The Courage of the Ordinary
Leah Goldberg, whose tender, compelling voice created its own register in modern Hebrew literature, died forty years ago today. The anniversary is being marked in Israeli newspapers and by the radio stations that for years have broadcast the music made of her poems.
Born into a Lithuanian Jewish family in 1911, she arrived in Tel Aviv in 1935; in 1952, she moved to Jerusalem, where she lived and taught until her death in 1970. Astoundingly prolific, she published—on top of ten collections of poetry—novels, plays, criticism, children's books, and diaries, and translated into Hebrew from seven different languages. A number of her unpublished works have entered the public domain over recent years, two of them just this week.

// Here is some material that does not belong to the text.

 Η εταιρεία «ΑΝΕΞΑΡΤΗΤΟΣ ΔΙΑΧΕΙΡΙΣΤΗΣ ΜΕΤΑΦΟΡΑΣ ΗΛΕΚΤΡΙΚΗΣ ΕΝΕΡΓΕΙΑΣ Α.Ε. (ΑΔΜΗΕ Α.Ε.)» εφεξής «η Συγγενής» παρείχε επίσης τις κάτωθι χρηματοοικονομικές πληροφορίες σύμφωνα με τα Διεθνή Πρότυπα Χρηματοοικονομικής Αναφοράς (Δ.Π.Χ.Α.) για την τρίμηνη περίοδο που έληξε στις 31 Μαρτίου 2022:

With Natan Alterman and Avraham Shlonsky, Leah Goldberg was a leading figure of the so-called "second generation" of modern Hebrew poets. Unlike them, she eschewed politics and ideology, as well as extravagant symbolism. Her modernism expressed itself in a mix of formal poetics and conversational style, rich in allusions to Bible, mythology, and European classics, yet intimate and spare. She especially made a space in Hebrew letters for the European landscapes left behind, and for a poetic imagination in which public concerns yielded pride of place to childhood, nature, and love.